I’m trying to understand whether it’s mainly a replacement for specific WebRTC use cases, or more of a building block for new kinds of real-time systems.
There's a few cases where WebRTC falls apart that I think MoQ could help with.
It doesn't work so well for having a low-latency broadcast. Your choices right now are - use WebRTC and deploy selective forwarding units, which are going to be something custom, and likely involve spinning up a bunch of geographically-distributed virtual machines, figuring out signalling and whatnot. Or - use HLS so you can use more standard HTTP CDN tech, but you gain orders of magnitude of latency.

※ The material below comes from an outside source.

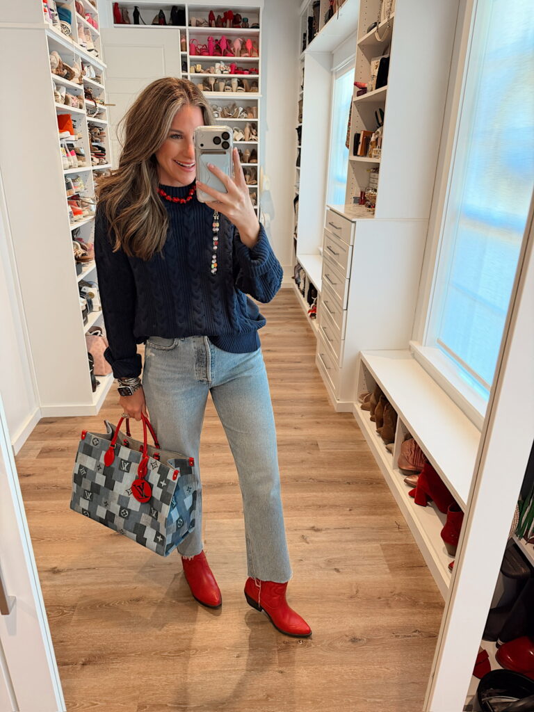 In a small red long sleeve top, size 4 rhinestone embellished wide leg jeans, ankle boots and accessories – fits tts. Shop the items here!

MoQ should allow for a standardized CDN stack, meaning we should be able to have a more abstract service (instead of spinning up VMs, you just employ some company's CDN service and tell it where to get media from).
There's a lot of other little issues with WebRTC for certain, specific applications. Like - last I tried it, browsers will subtly speed up audio/video to keep everything in sync, and you can have scenarios where you'd rather just let the viewer fall behind a bit and skip ahead later (say you're listening to music, speeding it up isn't ideal).
Or - say you want to have a group call and capture each participant's audio individually and edit it together later for something like a podcast. It's been a while since I've tried this, but I recall it being pretty difficult to do that with WebRTC. I remember all the mixing would happen in the browser's libwebrtc and I had really limited control over things.